It seems that it would be incorrect to claim that most of the media has been so sympathetic to the refugees so as to deliberately confuse terms according to an agenda.
#14908110
Enter left-wing academics assessing the media. Of course they will complain that the reporting isn't inclusive enough and denounce a focus on borders. :lol:

But even so, the second article calls the second phase "ecstatic humanitarianism" which is not too far off. They then disappoint again and call the relative normalisation that followed "fear and securitisation", when all that happened was that the positive spin was no longer as relentless and the media went back to their baseline, presumably because it's difficult to keep up such a level of progressive nonsense for so long.

I'm not going to comment on the first article as it is useless on the face of it. Too few articles over too long a period, tendentious language, and I do not want to know what a discursive psychological approach is.
#14908119
So not only are the journalists not telling the truth, but the academics are also not telling the truth about the journalists.

Sorry, @Kaiserschmarrn. I am not convinced that journalists are deliberately trying to confuse refugees and economic migrants as part of an agenda to bring about a more progressive society.

When we look at the evidence, it seems that media coverage is diverse, with a significant portion of the media coverage showing the refugees and migrants as bad people.

When confronted by this evidence, you then claim that the analyses are tainted with the same bias as the journalists, and seem to argue that the academics are also doing it as part of a vague plan to usher in a more progressive society, even though they (like the journalists) do not personally benefit in any way.

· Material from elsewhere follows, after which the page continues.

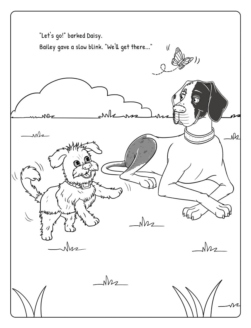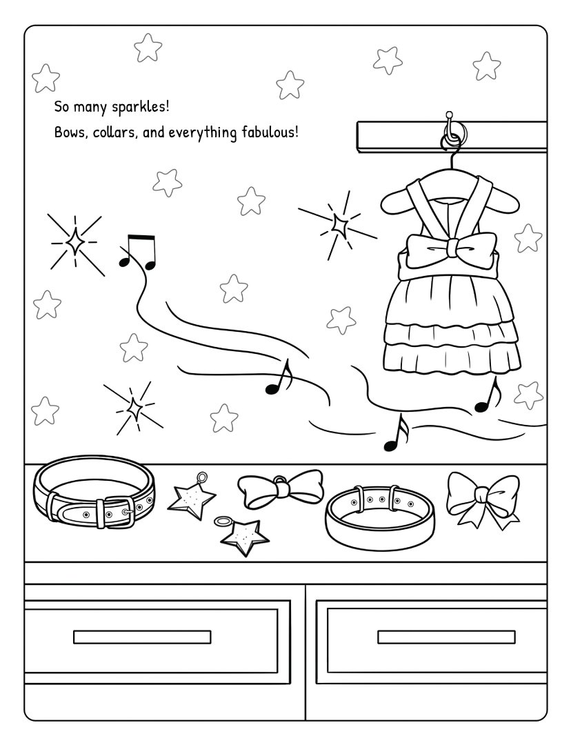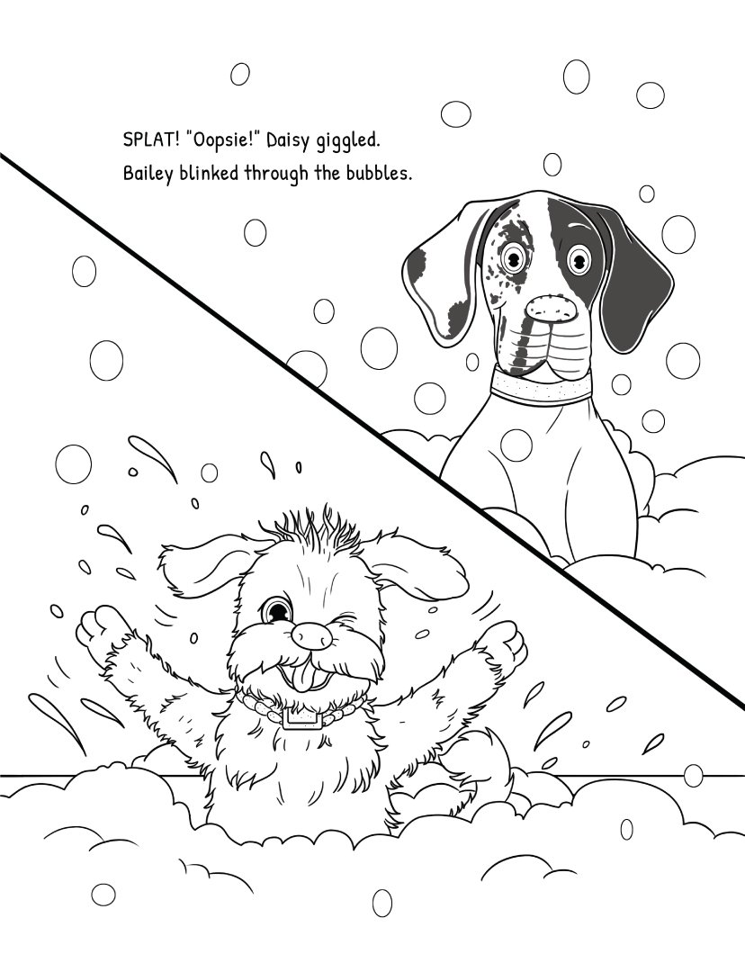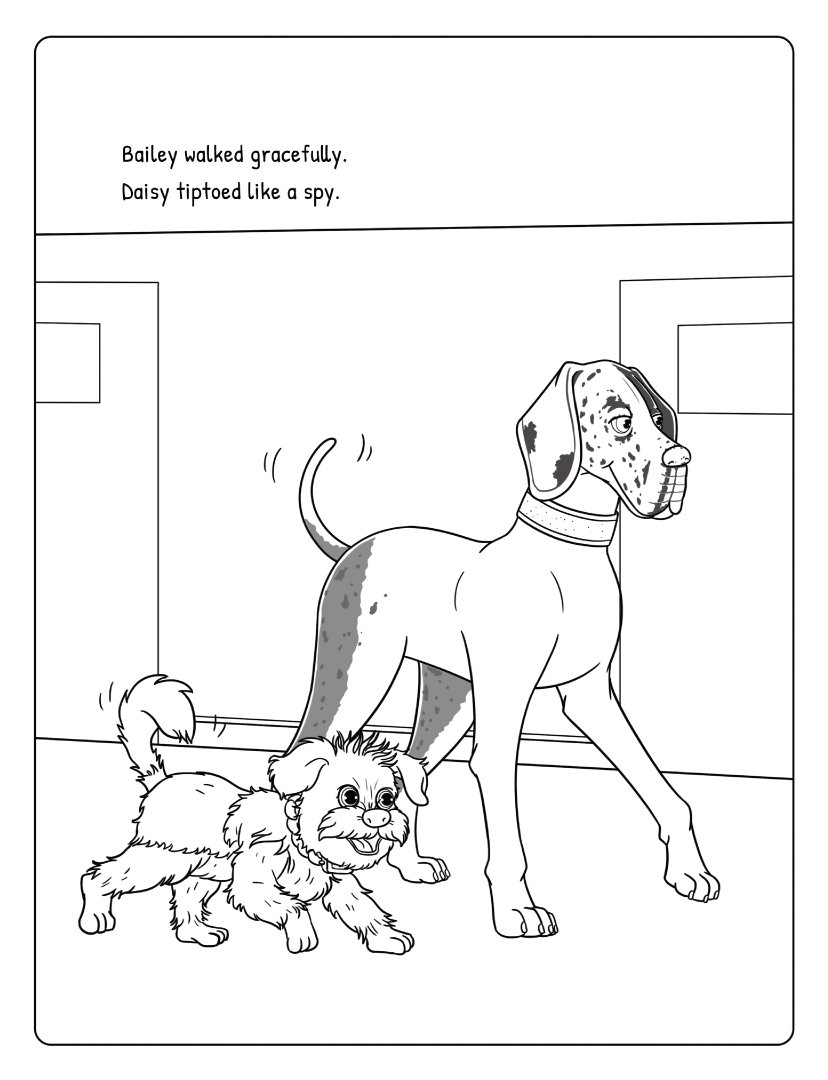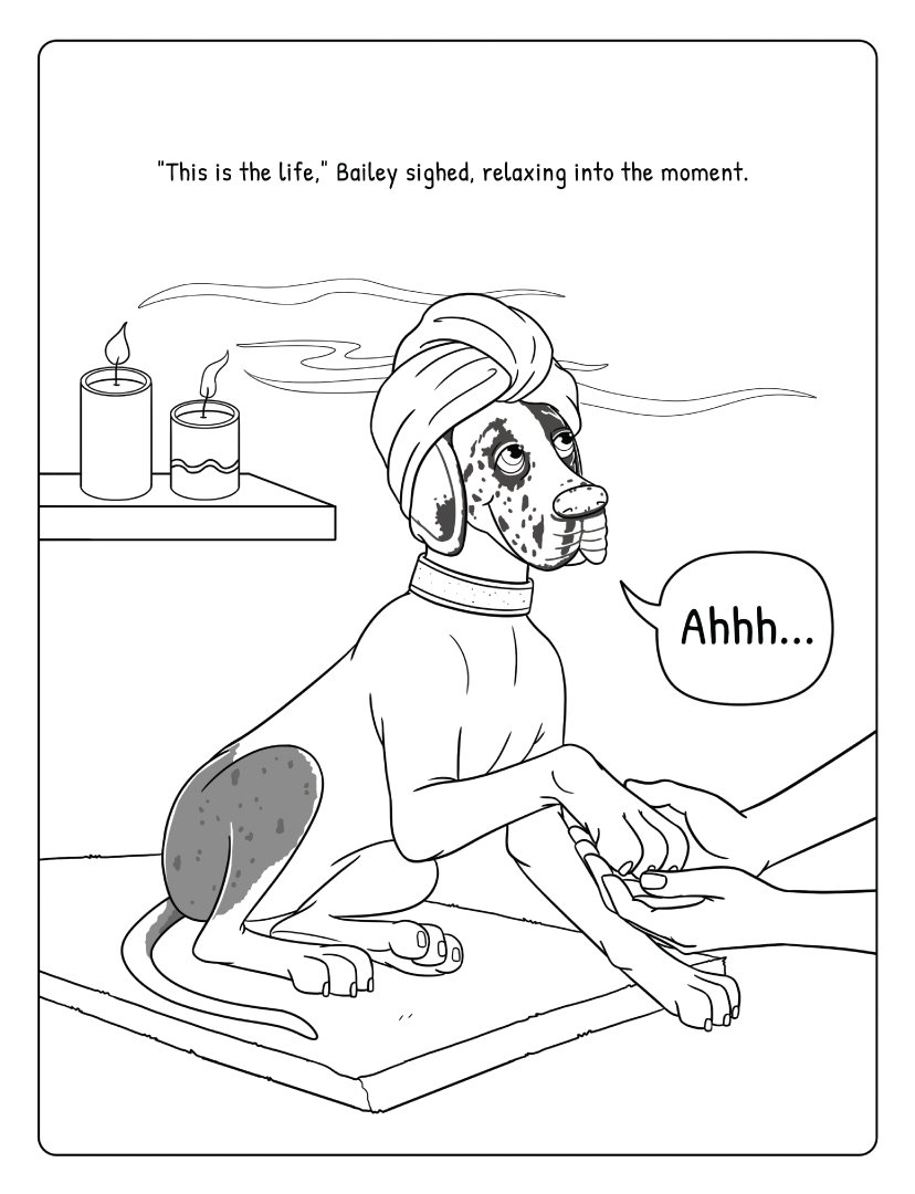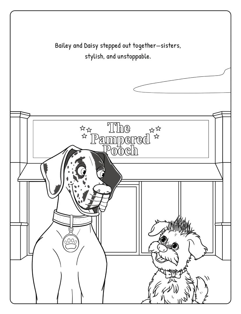 A companion coloring book with over 40 one-sided scenes directly from the story. Bold, simple outlines make it easy for the youngest readers (ages 4–6) to color along as Bailey, a Great Dane, and Daisy, her playful terrier mix sister, enjoy a fun and lighthearted spa day at their favorite dog salon.

This argument contradicts the existing evidence, assumes impractical motives on the part of the active agents, and requires either an actual conspiracy or minimally having a majority of people in two fields acting in concert according to some vague ideological framework.
#14908216
One Degree wrote:People are good, intelligent, and objective as long as they have a liberal view. Lol


Lol that's true. Surely people know Ana Kasparian from The Young Turks who is a role model for educated, young, liberal women. Then see this https://www.youtube.com/watch?v=tmaXB-NprOM . In the first seconds she shows her true character. They are very intolerant of opposite views.
#14908222
fokker wrote:Lol that's true. Surely people know Ana Kasparian from The Young Turks who is a role model for educated, young, liberal women. Then see this https://www.youtube.com/watch?v=tmaXB-NprOM . In the first seconds she shows her true character. They are very intolerant of opposite views.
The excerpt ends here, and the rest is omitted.